===== Data provided =====

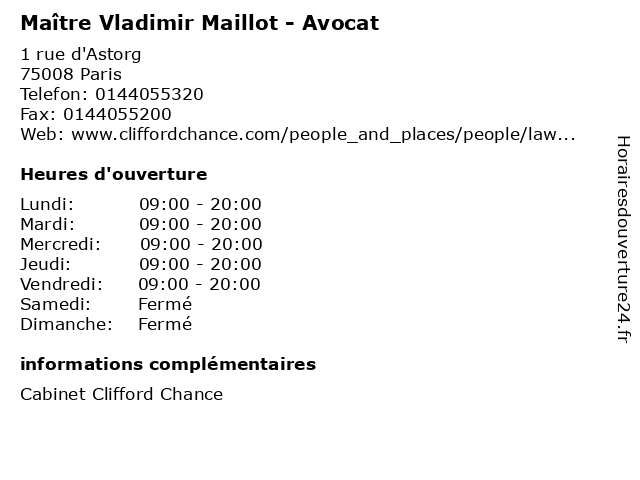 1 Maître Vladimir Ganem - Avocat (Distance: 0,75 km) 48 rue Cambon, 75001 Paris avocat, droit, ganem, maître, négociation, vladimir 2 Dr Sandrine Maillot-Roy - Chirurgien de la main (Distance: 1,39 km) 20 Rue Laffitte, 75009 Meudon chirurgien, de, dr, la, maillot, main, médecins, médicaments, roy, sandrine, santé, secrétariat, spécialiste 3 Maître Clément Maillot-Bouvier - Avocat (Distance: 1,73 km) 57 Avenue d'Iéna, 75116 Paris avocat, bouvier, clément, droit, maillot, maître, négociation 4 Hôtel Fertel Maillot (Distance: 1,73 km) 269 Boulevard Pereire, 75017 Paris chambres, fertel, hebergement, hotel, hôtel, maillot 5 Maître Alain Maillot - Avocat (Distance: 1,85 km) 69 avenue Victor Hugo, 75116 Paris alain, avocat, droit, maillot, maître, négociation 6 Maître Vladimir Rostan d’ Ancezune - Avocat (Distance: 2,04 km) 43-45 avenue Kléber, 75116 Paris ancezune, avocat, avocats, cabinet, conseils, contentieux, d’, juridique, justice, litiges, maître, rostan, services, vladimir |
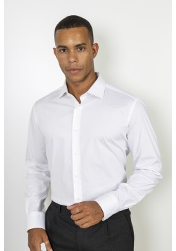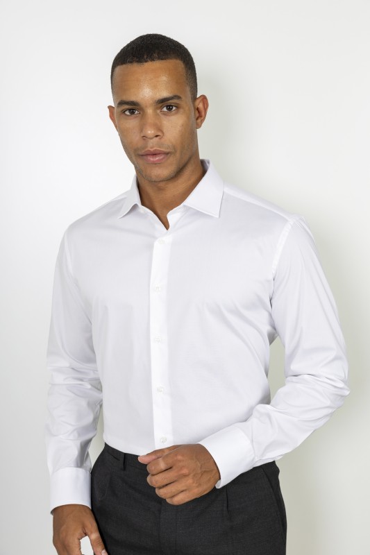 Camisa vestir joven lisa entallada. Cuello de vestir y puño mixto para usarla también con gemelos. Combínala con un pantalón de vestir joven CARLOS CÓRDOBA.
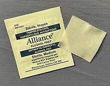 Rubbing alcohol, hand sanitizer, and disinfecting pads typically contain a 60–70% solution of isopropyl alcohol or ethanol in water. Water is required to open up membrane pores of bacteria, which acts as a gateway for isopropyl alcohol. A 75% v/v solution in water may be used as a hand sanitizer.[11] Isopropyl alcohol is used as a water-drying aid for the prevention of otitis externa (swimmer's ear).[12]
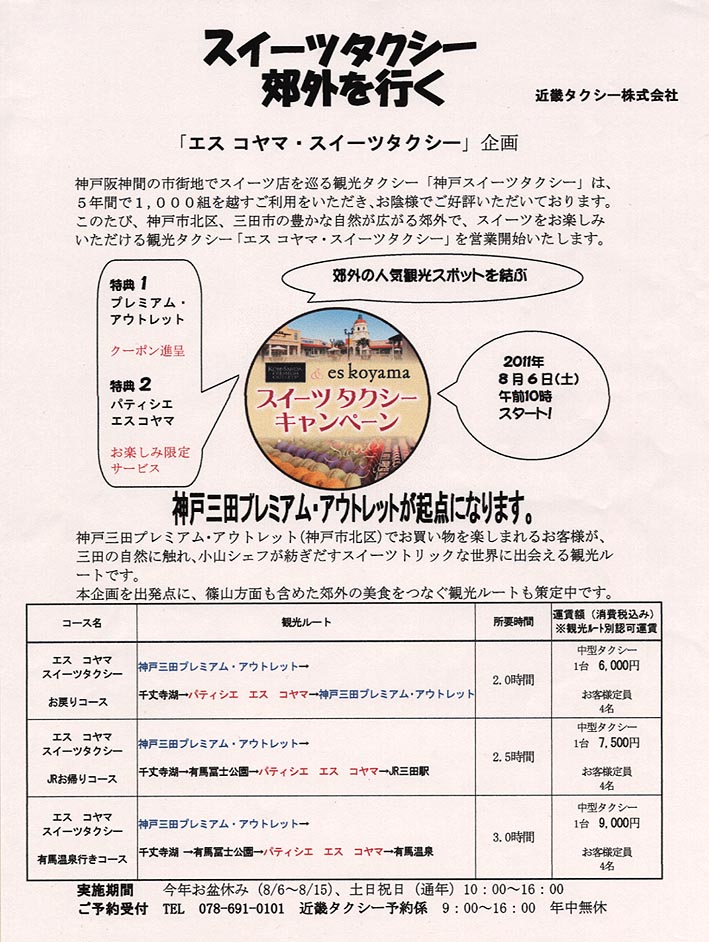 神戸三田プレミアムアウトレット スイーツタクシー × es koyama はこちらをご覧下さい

=====
===== Data provided =====

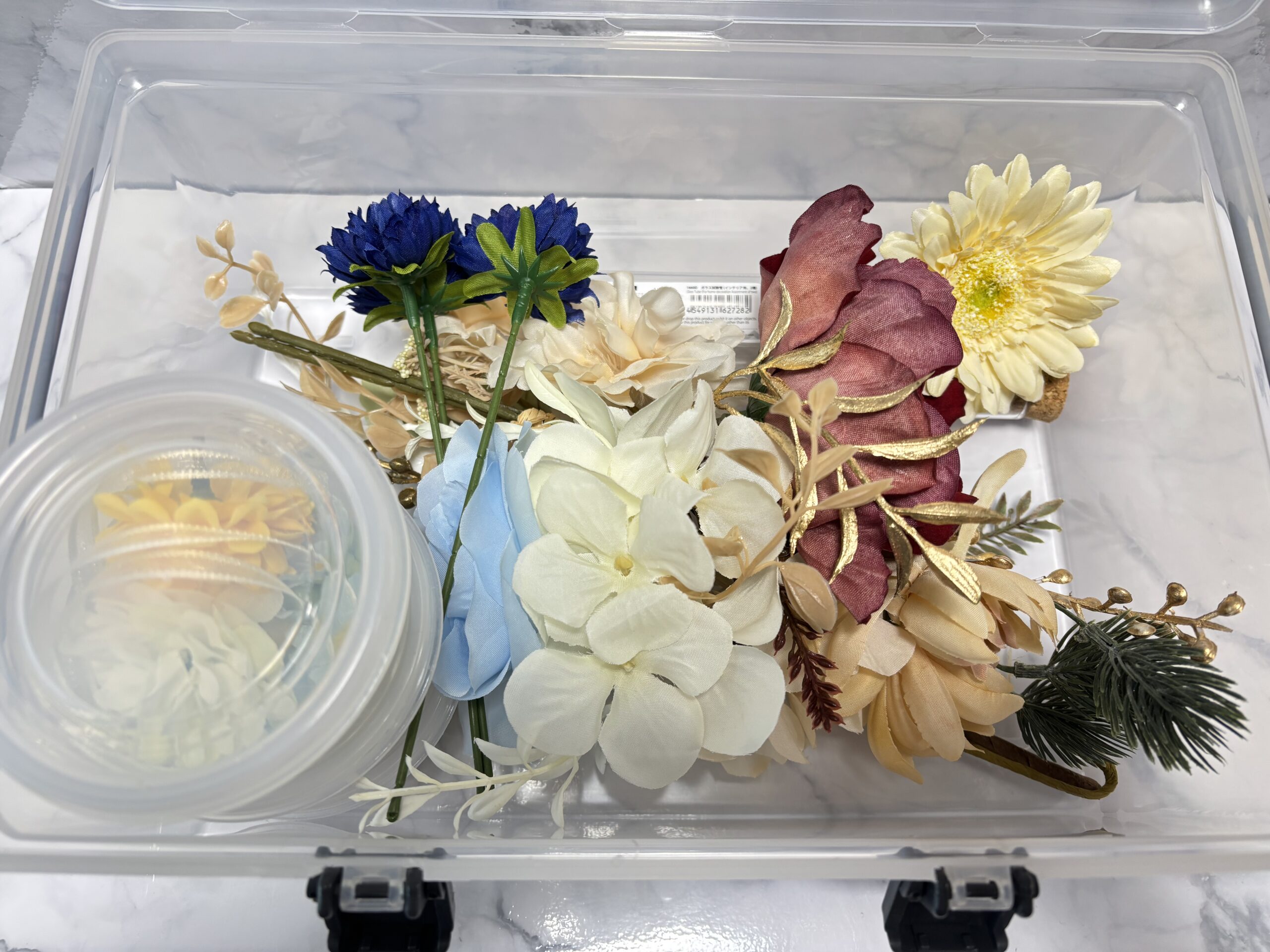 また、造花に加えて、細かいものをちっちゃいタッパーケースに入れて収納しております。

=====

### Task objective
What are the lines above from the one with "Rubbing alcohol, hand" to the one with "神戸三田プレミアムアウトレット スイーツタクシー ×", both included? Reproduce them exactly, without pictures.

### Task answer
 Rubbing alcohol, hand sanitizer, and disinfecting pads typically contain a 60–70% solution of isopropyl alcohol or ethanol in water. Water is required to open up membrane pores of bacteria, which acts as a gateway for isopropyl alcohol. A 75% v/v solution in water may be used as a hand sanitizer.[11] Isopropyl alcohol is used as a water-drying aid for the prevention of otitis externa (swimmer's ear).[12]
 神戸三田プレミアムアウトレット スイーツタクシー × es koyama はこちらをご覧下さい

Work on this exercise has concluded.